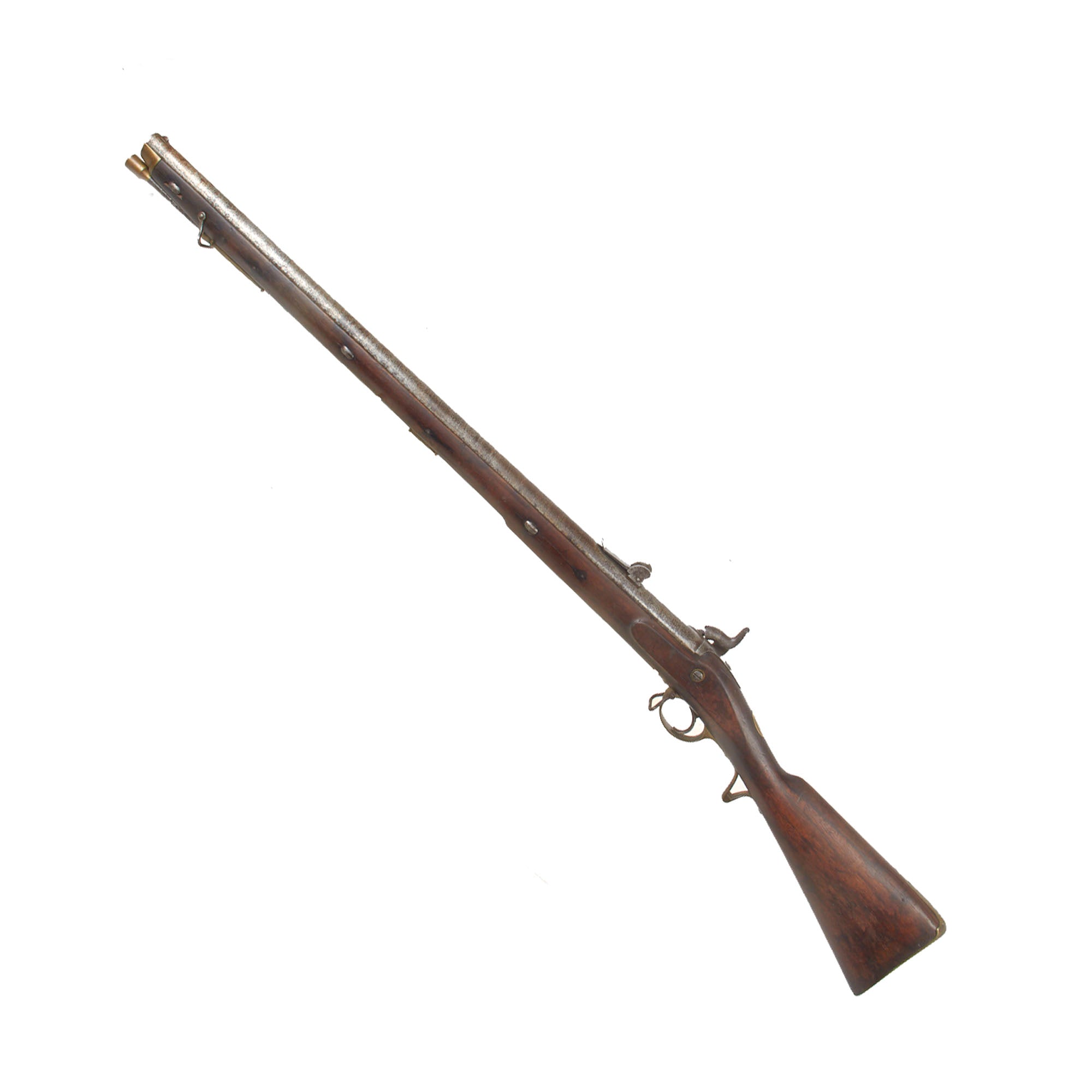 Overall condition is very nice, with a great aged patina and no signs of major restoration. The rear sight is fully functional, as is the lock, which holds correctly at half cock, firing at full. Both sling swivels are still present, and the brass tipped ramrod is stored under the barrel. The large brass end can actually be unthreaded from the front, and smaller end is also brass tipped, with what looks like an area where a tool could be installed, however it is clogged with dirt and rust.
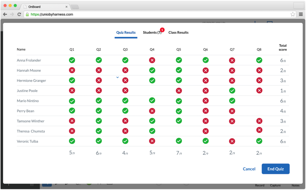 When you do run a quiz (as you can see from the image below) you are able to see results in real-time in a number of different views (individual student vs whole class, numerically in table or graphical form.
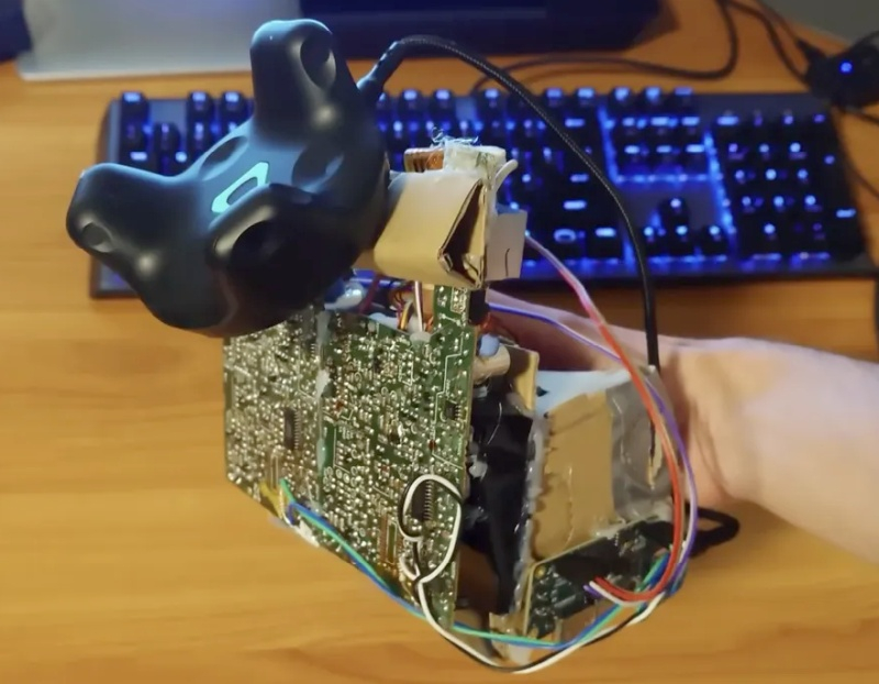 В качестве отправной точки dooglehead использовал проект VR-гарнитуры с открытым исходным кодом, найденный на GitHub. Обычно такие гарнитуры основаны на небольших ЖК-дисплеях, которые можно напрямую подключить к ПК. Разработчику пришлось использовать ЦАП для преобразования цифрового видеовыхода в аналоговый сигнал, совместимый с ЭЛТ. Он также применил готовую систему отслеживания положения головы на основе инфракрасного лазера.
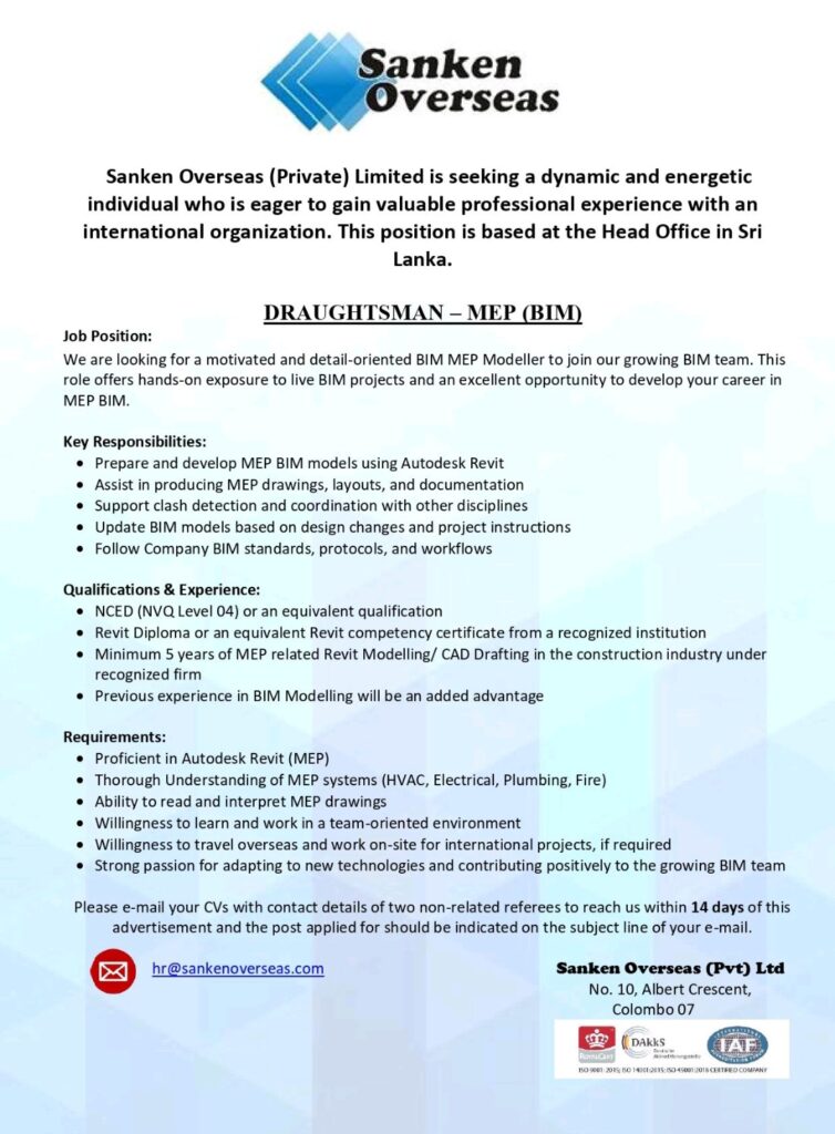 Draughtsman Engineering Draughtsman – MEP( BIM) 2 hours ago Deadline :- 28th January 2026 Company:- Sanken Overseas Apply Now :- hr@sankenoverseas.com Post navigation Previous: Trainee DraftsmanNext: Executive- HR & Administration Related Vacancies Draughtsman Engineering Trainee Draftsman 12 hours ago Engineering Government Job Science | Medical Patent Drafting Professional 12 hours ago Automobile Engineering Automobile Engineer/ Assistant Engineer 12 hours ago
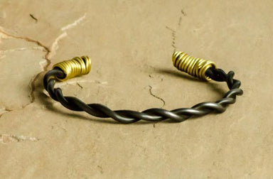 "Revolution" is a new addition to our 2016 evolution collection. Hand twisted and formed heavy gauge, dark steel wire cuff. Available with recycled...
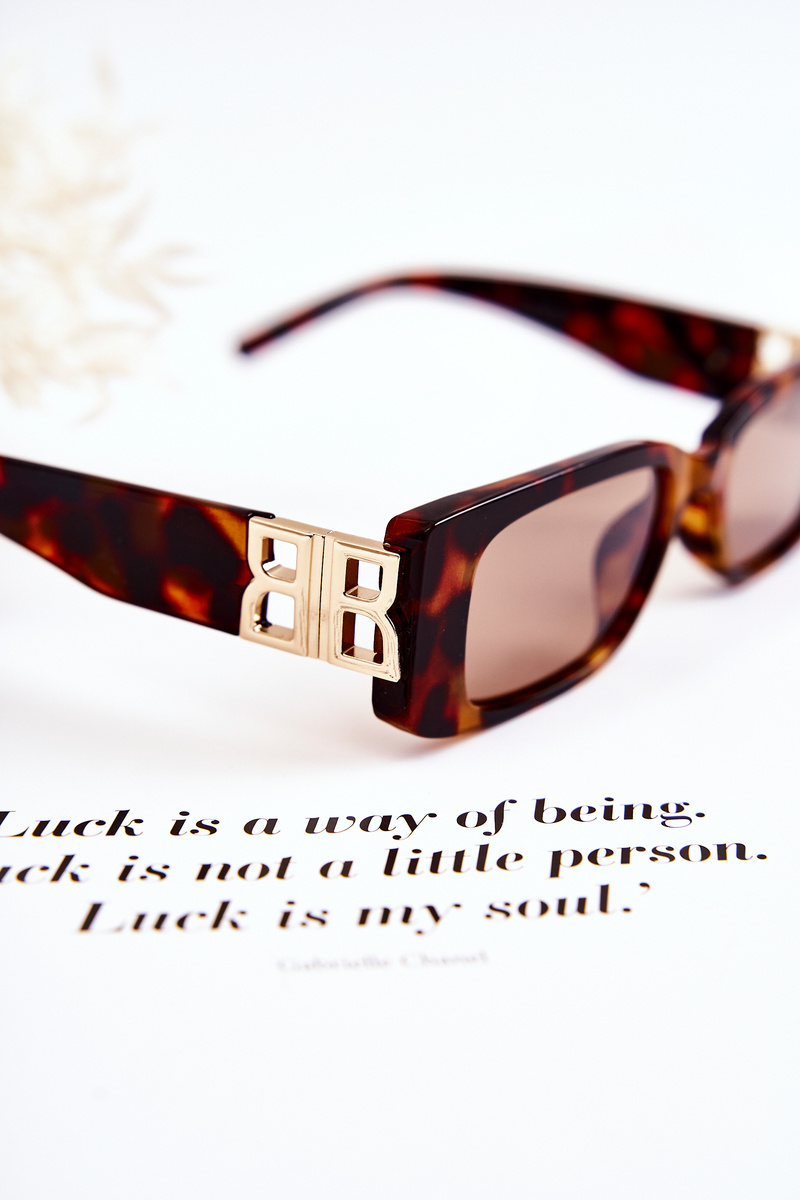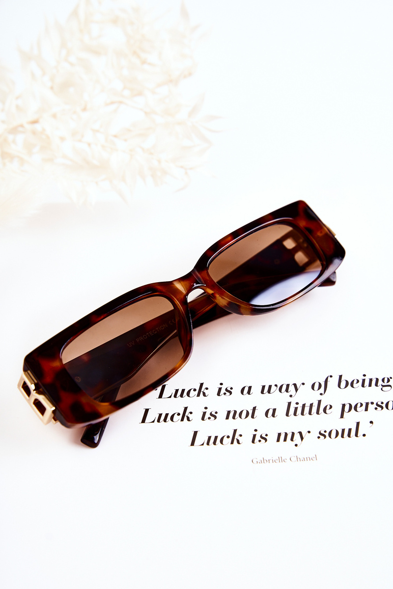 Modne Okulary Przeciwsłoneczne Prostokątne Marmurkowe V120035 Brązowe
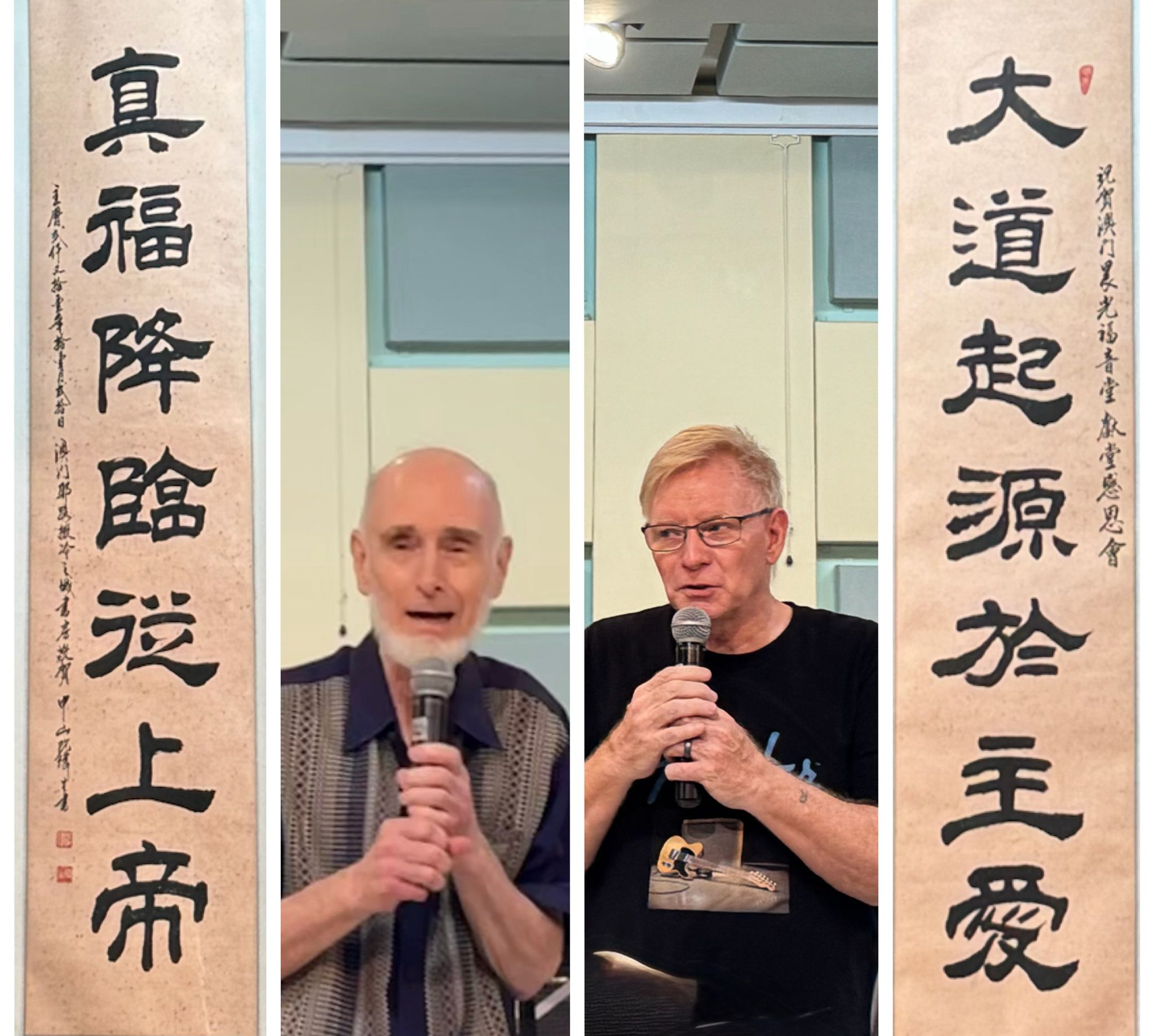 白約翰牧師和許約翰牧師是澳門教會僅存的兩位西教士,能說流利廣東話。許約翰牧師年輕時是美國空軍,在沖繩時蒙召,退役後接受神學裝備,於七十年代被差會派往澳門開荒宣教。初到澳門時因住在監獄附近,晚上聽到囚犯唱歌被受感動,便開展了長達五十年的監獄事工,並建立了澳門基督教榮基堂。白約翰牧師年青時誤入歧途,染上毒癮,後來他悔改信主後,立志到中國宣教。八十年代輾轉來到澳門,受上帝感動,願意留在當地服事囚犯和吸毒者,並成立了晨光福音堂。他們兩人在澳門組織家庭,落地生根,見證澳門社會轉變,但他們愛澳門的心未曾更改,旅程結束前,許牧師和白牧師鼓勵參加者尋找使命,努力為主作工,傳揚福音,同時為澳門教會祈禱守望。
▬▬▬▬▬▬
#### [Your instructions]
The records are to be returned verbatim. Skip any picture they contain.

#### [Solution]
 Overall condition is very nice, with a great aged patina and no signs of major restoration. The rear sight is fully functional, as is the lock, which holds correctly at half cock, firing at full. Both sling swivels are still present, and the brass tipped ramrod is stored under the barrel. The large brass end can actually be unthreaded from the front, and smaller end is also brass tipped, with what looks like an area where a tool could be installed, however it is clogged with dirt and rust.
 When you do run a quiz (as you can see from the image below) you are able to see results in real-time in a number of different views (individual student vs whole class, numerically in table or graphical form.
 В качестве отправной точки dooglehead использовал проект VR-гарнитуры с открытым исходным кодом, найденный на GitHub. Обычно такие гарнитуры основаны на небольших ЖК-дисплеях, которые можно напрямую подключить к ПК. Разработчику пришлось использовать ЦАП для преобразования цифрового видеовыхода в аналоговый сигнал, совместимый с ЭЛТ. Он также применил готовую систему отслеживания положения головы на основе инфракрасного лазера.
 Draughtsman Engineering Draughtsman – MEP( BIM) 2 hours ago Deadline :- 28th January 2026 Company:- Sanken Overseas Apply Now :- hr@sankenoverseas.com Post navigation Previous: Trainee DraftsmanNext: Executive- HR & Administration Related Vacancies Draughtsman Engineering Trainee Draftsman 12 hours ago Engineering Government Job Science | Medical Patent Drafting Professional 12 hours ago Automobile Engineering Automobile Engineer/ Assistant Engineer 12 hours ago
 "Revolution" is a new addition to our 2016 evolution collection. Hand twisted and formed heavy gauge, dark steel wire cuff. Available with recycled...
 Modne Okulary Przeciwsłoneczne Prostokątne Marmurkowe V120035 Brązowe
 白約翰牧師和許約翰牧師是澳門教會僅存的兩位西教士,能說流利廣東話。許約翰牧師年輕時是美國空軍,在沖繩時蒙召,退役後接受神學裝備,於七十年代被差會派往澳門開荒宣教。初到澳門時因住在監獄附近,晚上聽到囚犯唱歌被受感動,便開展了長達五十年的監獄事工,並建立了澳門基督教榮基堂。白約翰牧師年青時誤入歧途,染上毒癮,後來他悔改信主後,立志到中國宣教。八十年代輾轉來到澳門,受上帝感動,願意留在當地服事囚犯和吸毒者,並成立了晨光福音堂。他們兩人在澳門組織家庭,落地生根,見證澳門社會轉變,但他們愛澳門的心未曾更改,旅程結束前,許牧師和白牧師鼓勵參加者尋找使命,努力為主作工,傳揚福音,同時為澳門教會祈禱守望。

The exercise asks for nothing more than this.